_PROBLEM REQUIREMENTS_
Please print every record exactly as it stands, leaving out the pictures.

_INPUT DATA_
━━━
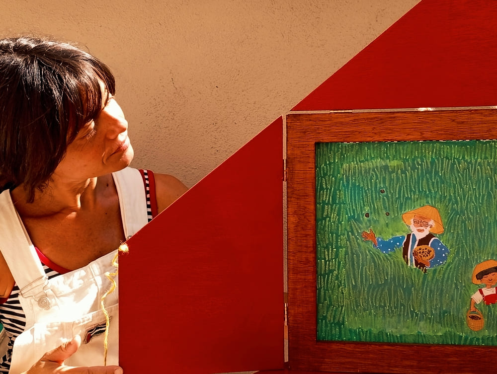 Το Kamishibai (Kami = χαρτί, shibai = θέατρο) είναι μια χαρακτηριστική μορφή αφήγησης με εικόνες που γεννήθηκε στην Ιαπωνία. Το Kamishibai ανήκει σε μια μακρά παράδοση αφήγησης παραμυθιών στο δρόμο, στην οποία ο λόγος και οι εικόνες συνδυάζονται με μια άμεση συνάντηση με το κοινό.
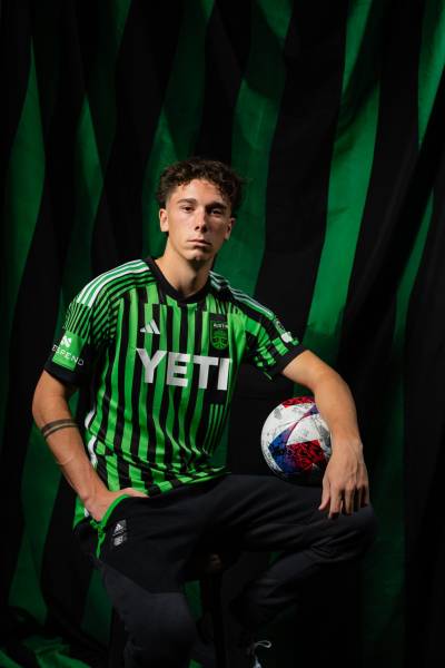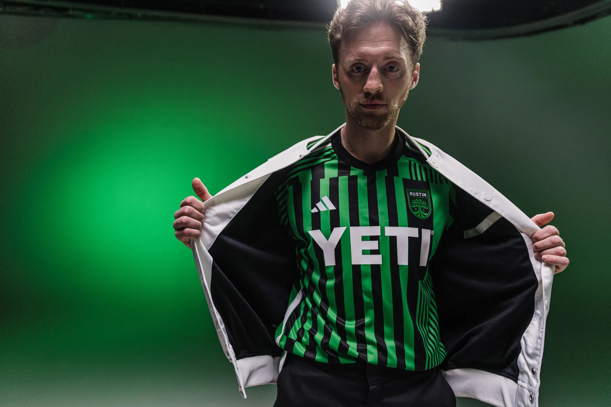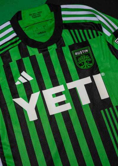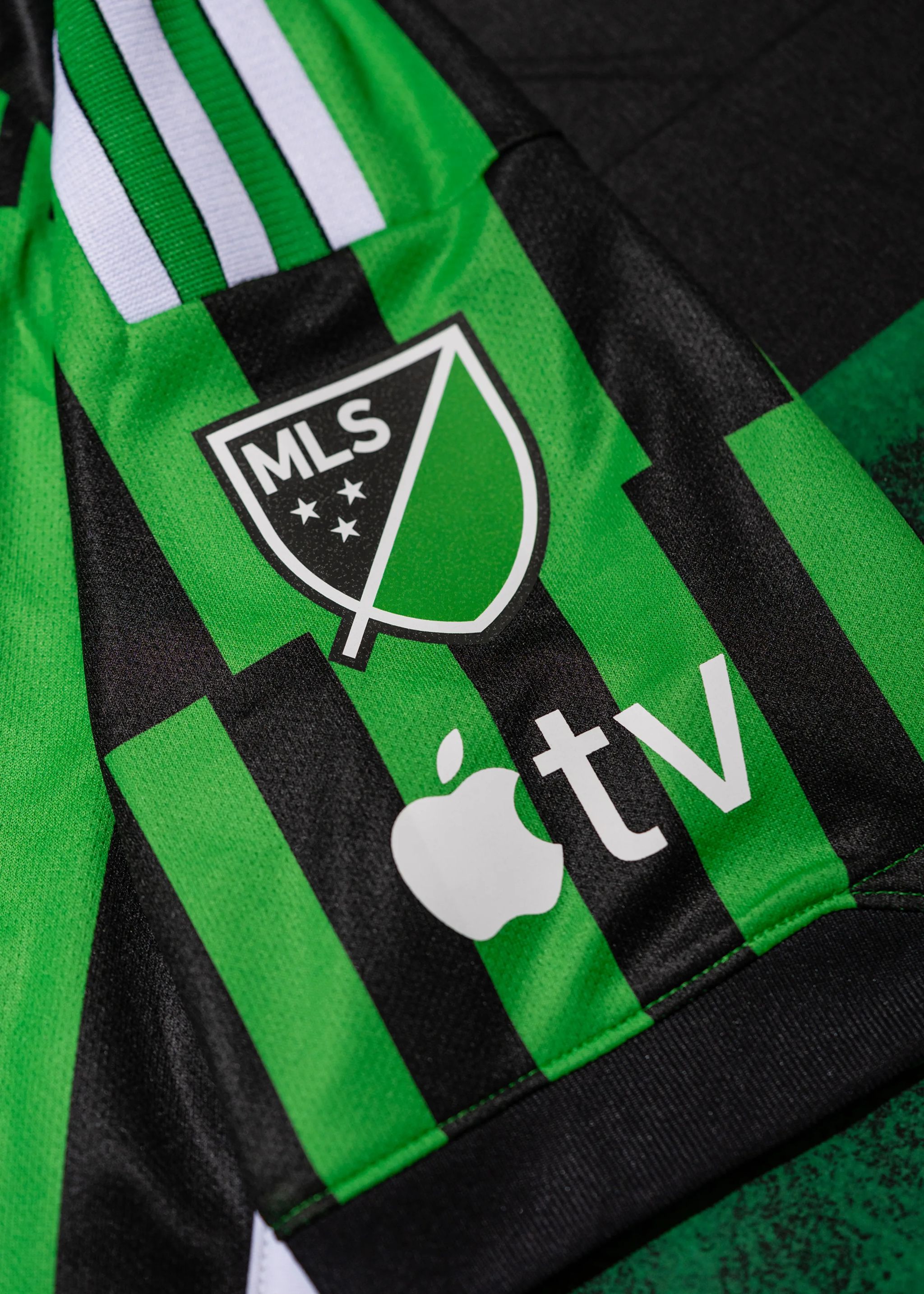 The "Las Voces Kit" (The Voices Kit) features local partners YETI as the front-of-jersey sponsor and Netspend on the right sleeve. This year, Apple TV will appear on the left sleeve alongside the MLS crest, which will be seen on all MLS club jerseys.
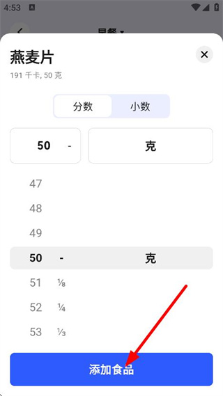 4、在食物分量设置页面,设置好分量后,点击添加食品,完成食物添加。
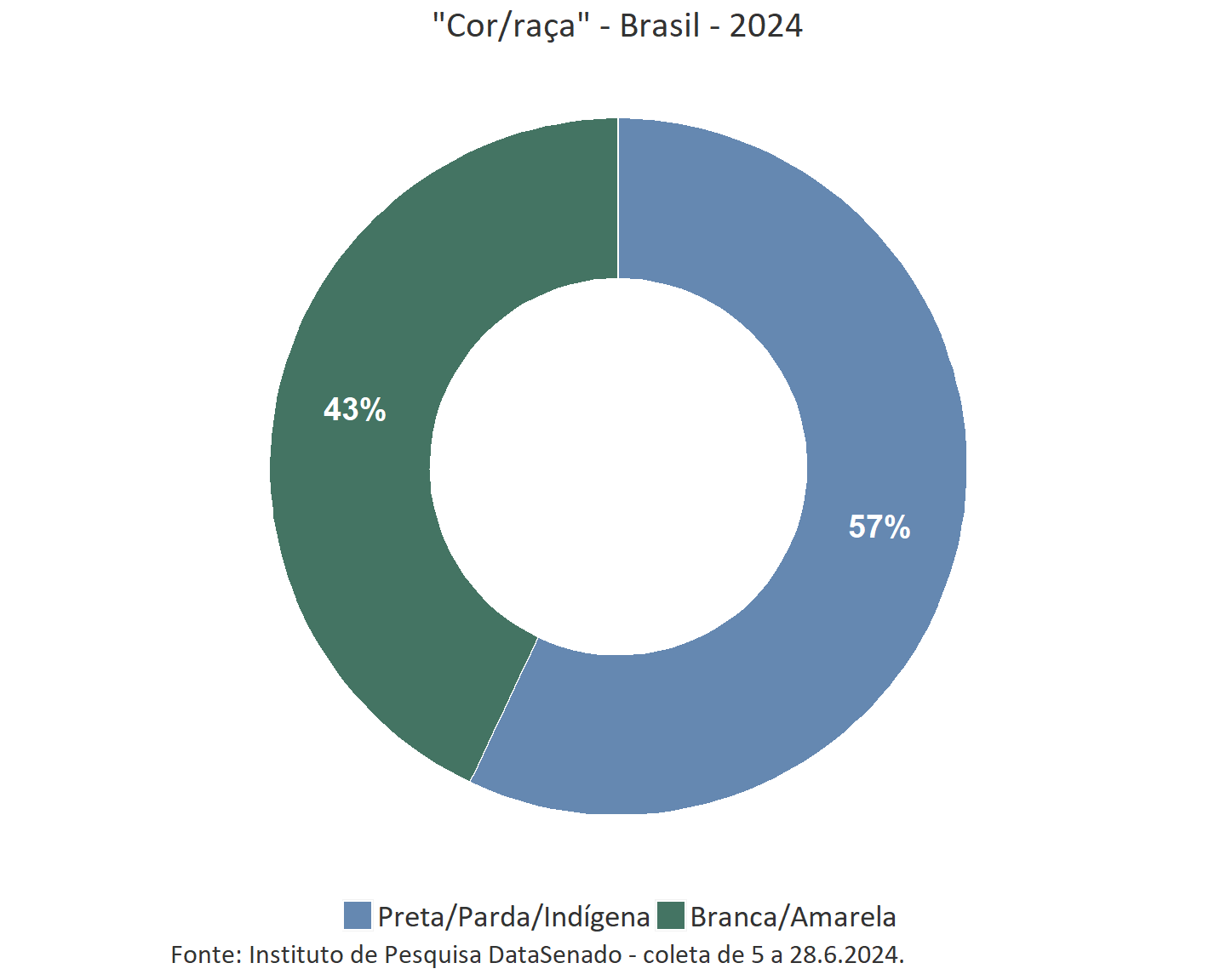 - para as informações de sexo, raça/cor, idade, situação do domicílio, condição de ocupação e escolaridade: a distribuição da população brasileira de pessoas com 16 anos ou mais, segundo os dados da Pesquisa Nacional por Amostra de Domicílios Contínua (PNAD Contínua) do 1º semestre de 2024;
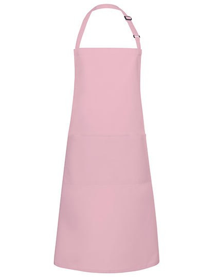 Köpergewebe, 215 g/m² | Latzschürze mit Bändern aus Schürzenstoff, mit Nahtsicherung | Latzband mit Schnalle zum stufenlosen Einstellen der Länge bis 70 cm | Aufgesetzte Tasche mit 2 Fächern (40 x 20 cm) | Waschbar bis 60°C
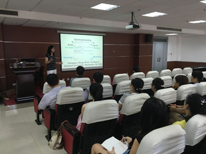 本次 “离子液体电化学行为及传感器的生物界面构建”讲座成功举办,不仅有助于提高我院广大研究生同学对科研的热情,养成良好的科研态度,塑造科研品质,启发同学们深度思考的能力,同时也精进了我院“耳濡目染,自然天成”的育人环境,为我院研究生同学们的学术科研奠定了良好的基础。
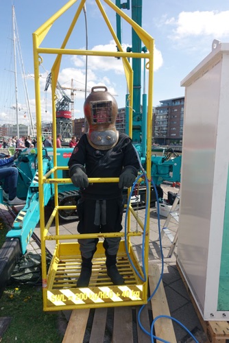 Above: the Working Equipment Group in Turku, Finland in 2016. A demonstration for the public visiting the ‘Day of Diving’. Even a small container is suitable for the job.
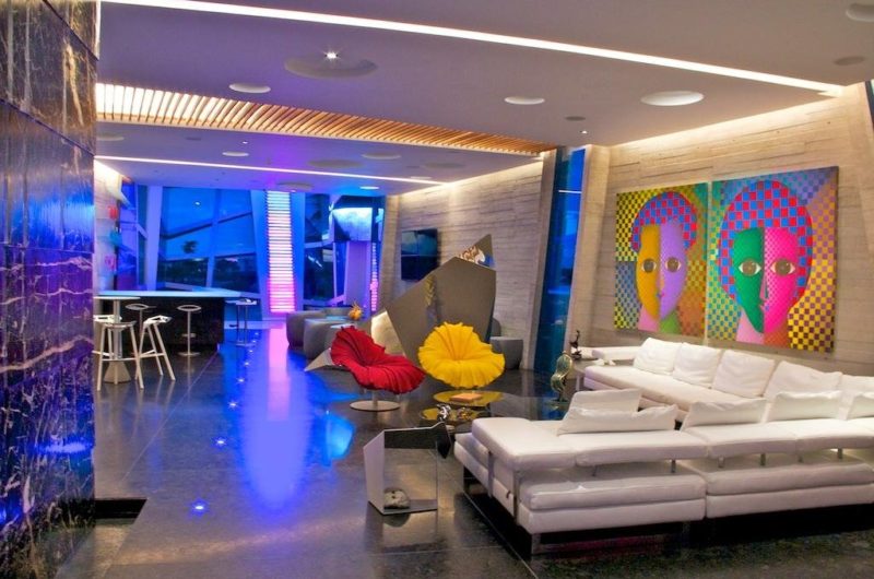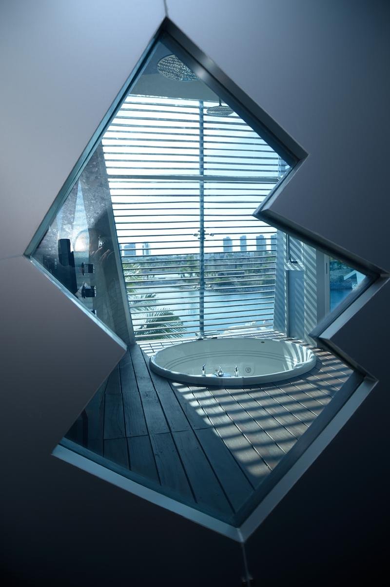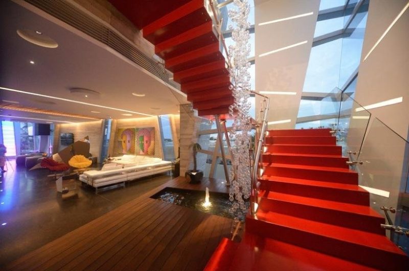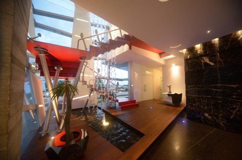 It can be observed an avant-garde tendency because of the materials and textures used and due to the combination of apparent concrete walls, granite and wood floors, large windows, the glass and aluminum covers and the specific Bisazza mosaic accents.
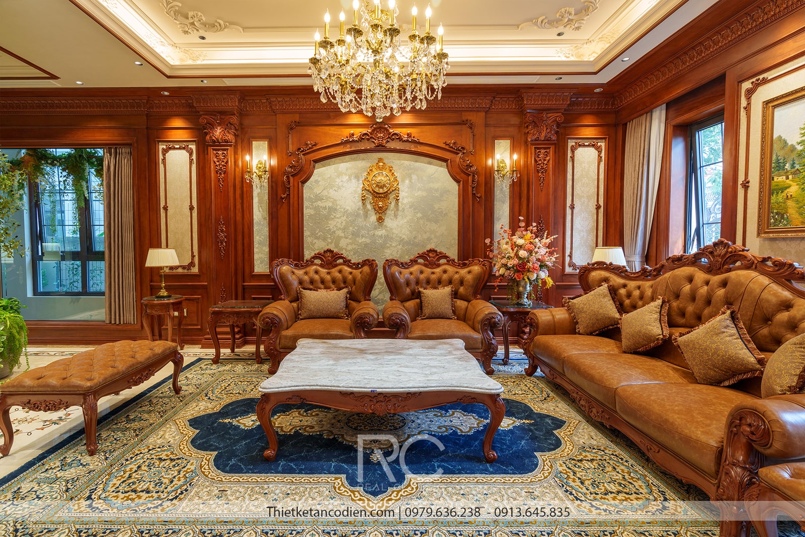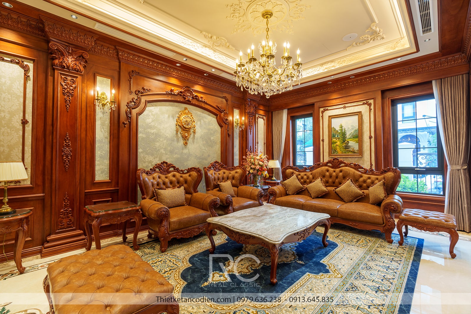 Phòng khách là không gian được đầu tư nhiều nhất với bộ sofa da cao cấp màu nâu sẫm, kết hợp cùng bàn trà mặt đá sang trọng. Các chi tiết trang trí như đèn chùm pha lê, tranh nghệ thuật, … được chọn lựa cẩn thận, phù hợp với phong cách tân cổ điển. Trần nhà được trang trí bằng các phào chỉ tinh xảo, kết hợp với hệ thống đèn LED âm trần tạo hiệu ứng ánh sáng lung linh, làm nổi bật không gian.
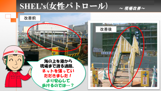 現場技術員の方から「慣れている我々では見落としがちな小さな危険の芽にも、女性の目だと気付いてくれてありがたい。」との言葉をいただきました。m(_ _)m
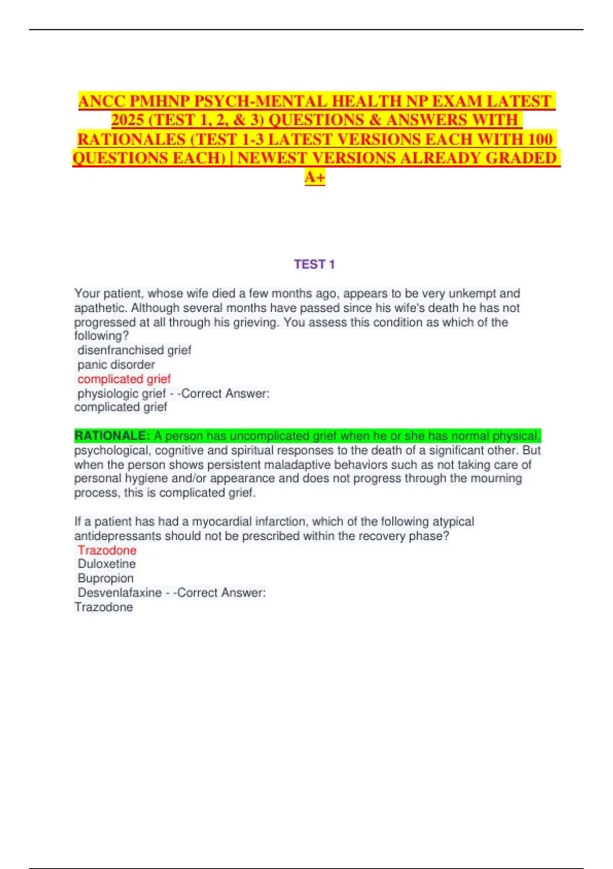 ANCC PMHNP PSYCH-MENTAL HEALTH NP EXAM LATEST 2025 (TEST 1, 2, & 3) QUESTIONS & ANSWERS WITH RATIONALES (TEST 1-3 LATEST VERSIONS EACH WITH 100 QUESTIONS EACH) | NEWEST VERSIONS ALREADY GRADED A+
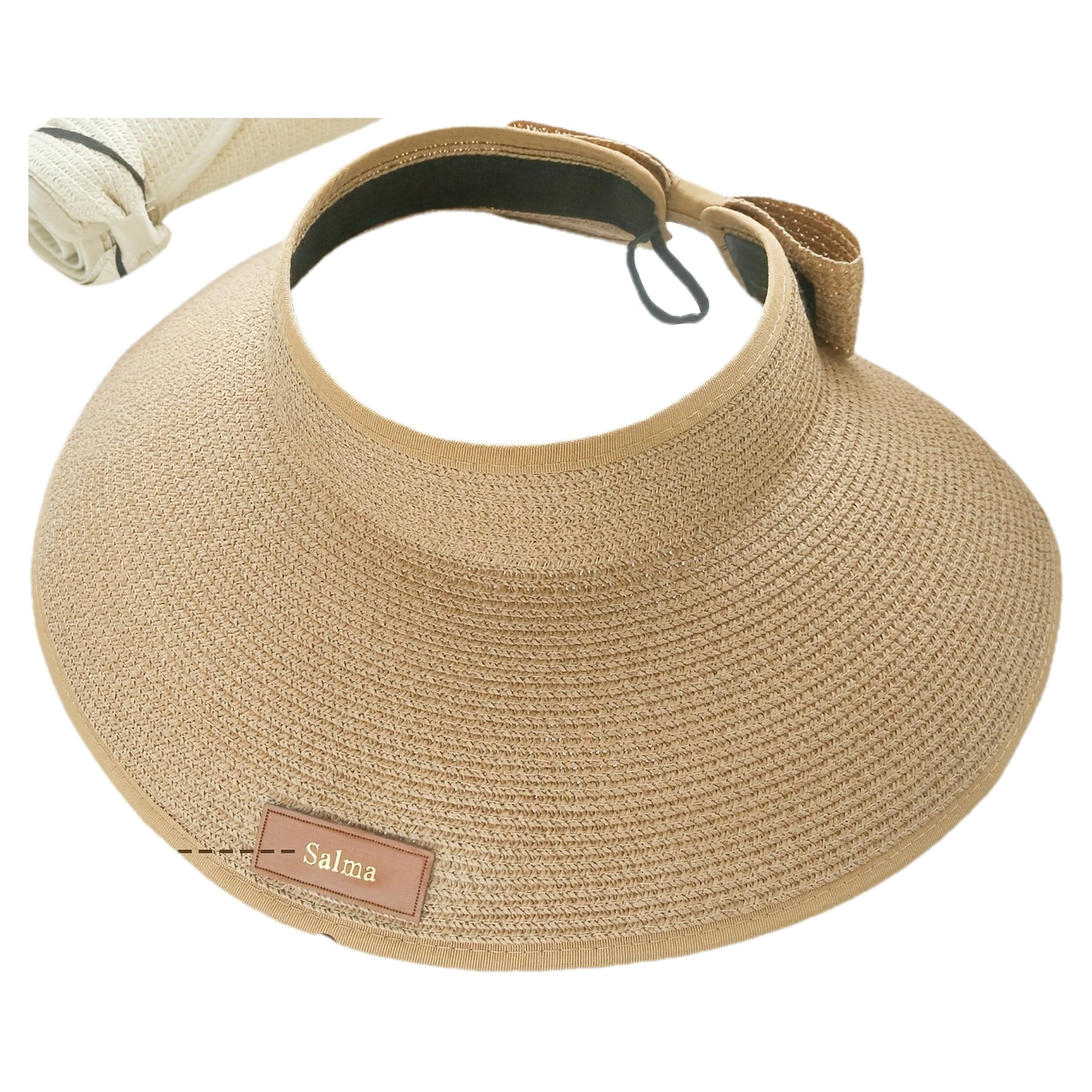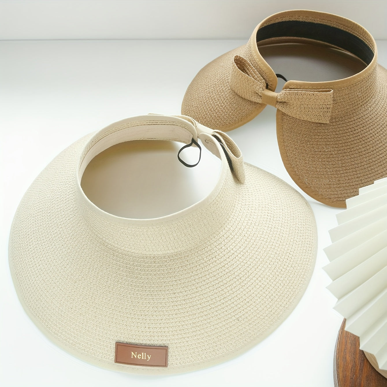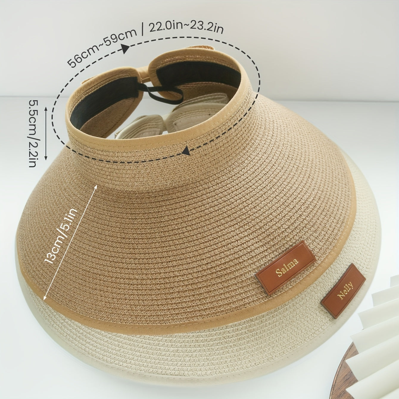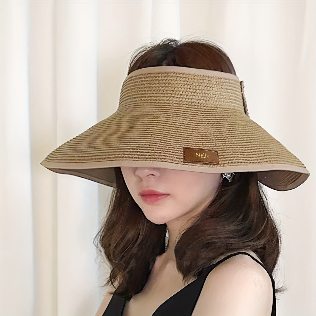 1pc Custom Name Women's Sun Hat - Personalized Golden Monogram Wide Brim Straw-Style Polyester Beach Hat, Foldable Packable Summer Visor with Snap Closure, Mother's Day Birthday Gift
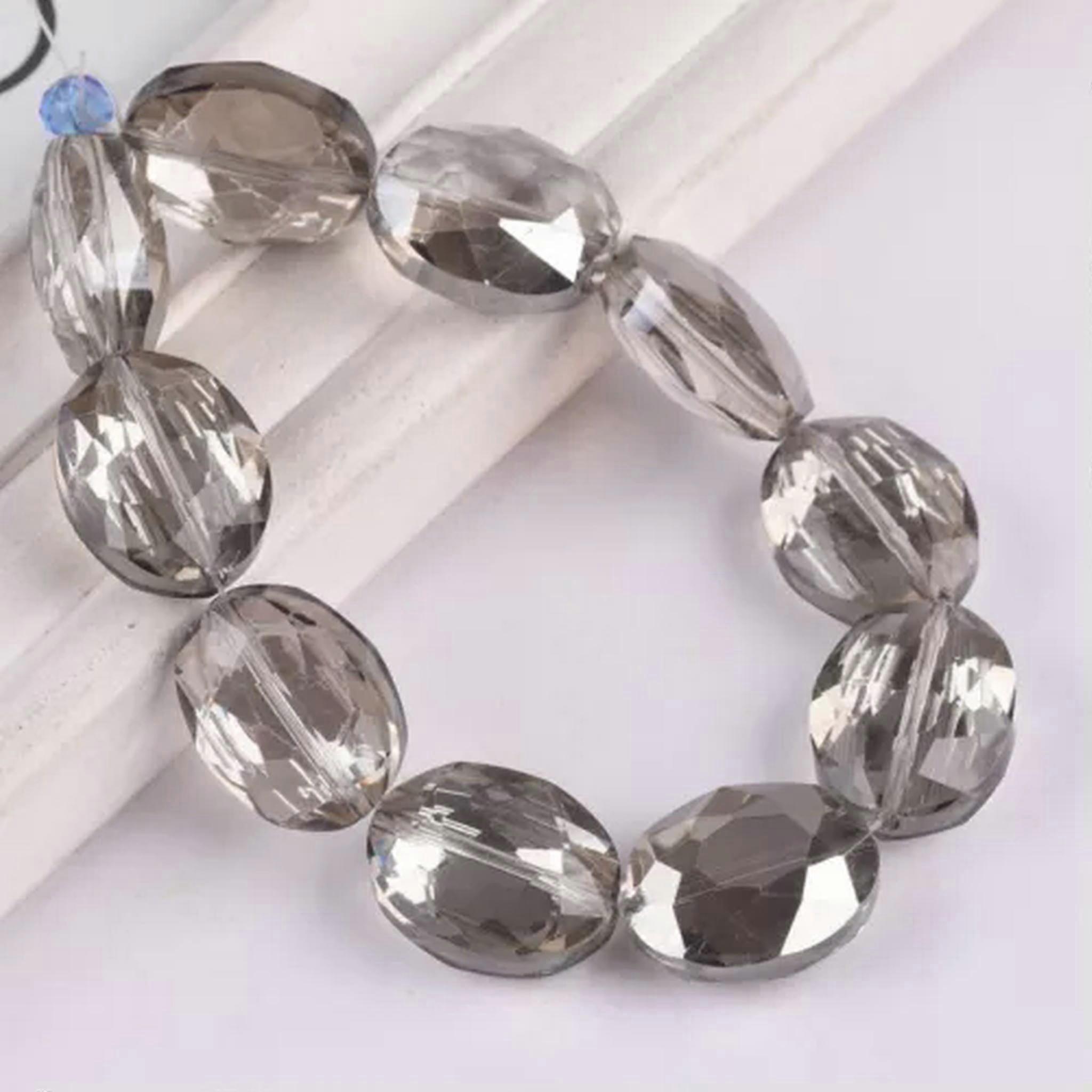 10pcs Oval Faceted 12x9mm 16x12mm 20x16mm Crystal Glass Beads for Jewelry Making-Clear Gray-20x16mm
━━━
_RESULT OF THE TASK_
 Το Kamishibai (Kami = χαρτί, shibai = θέατρο) είναι μια χαρακτηριστική μορφή αφήγησης με εικόνες που γεννήθηκε στην Ιαπωνία. Το Kamishibai ανήκει σε μια μακρά παράδοση αφήγησης παραμυθιών στο δρόμο, στην οποία ο λόγος και οι εικόνες συνδυάζονται με μια άμεση συνάντηση με το κοινό.
 The "Las Voces Kit" (The Voices Kit) features local partners YETI as the front-of-jersey sponsor and Netspend on the right sleeve. This year, Apple TV will appear on the left sleeve alongside the MLS crest, which will be seen on all MLS club jerseys.
 4、在食物分量设置页面,设置好分量后,点击添加食品,完成食物添加。
 - para as informações de sexo, raça/cor, idade, situação do domicílio, condição de ocupação e escolaridade: a distribuição da população brasileira de pessoas com 16 anos ou mais, segundo os dados da Pesquisa Nacional por Amostra de Domicílios Contínua (PNAD Contínua) do 1º semestre de 2024;
 Köpergewebe, 215 g/m² | Latzschürze mit Bändern aus Schürzenstoff, mit Nahtsicherung | Latzband mit Schnalle zum stufenlosen Einstellen der Länge bis 70 cm | Aufgesetzte Tasche mit 2 Fächern (40 x 20 cm) | Waschbar bis 60°C
 本次 “离子液体电化学行为及传感器的生物界面构建”讲座成功举办,不仅有助于提高我院广大研究生同学对科研的热情,养成良好的科研态度,塑造科研品质,启发同学们深度思考的能力,同时也精进了我院“耳濡目染,自然天成”的育人环境,为我院研究生同学们的学术科研奠定了良好的基础。
 Above: the Working Equipment Group in Turku, Finland in 2016. A demonstration for the public visiting the ‘Day of Diving’. Even a small container is suitable for the job.
 It can be observed an avant-garde tendency because of the materials and textures used and due to the combination of apparent concrete walls, granite and wood floors, large windows, the glass and aluminum covers and the specific Bisazza mosaic accents.
 Phòng khách là không gian được đầu tư nhiều nhất với bộ sofa da cao cấp màu nâu sẫm, kết hợp cùng bàn trà mặt đá sang trọng. Các chi tiết trang trí như đèn chùm pha lê, tranh nghệ thuật, … được chọn lựa cẩn thận, phù hợp với phong cách tân cổ điển. Trần nhà được trang trí bằng các phào chỉ tinh xảo, kết hợp với hệ thống đèn LED âm trần tạo hiệu ứng ánh sáng lung linh, làm nổi bật không gian.
 現場技術員の方から「慣れている我々では見落としがちな小さな危険の芽にも、女性の目だと気付いてくれてありがたい。」との言葉をいただきました。m(_ _)m
 ANCC PMHNP PSYCH-MENTAL HEALTH NP EXAM LATEST 2025 (TEST 1, 2, & 3) QUESTIONS & ANSWERS WITH RATIONALES (TEST 1-3 LATEST VERSIONS EACH WITH 100 QUESTIONS EACH) | NEWEST VERSIONS ALREADY GRADED A+
 1pc Custom Name Women's Sun Hat - Personalized Golden Monogram Wide Brim Straw-Style Polyester Beach Hat, Foldable Packable Summer Visor with Snap Closure, Mother's Day Birthday Gift
 10pcs Oval Faceted 12x9mm 16x12mm 20x16mm Crystal Glass Beads for Jewelry Making-Clear Gray-20x16mm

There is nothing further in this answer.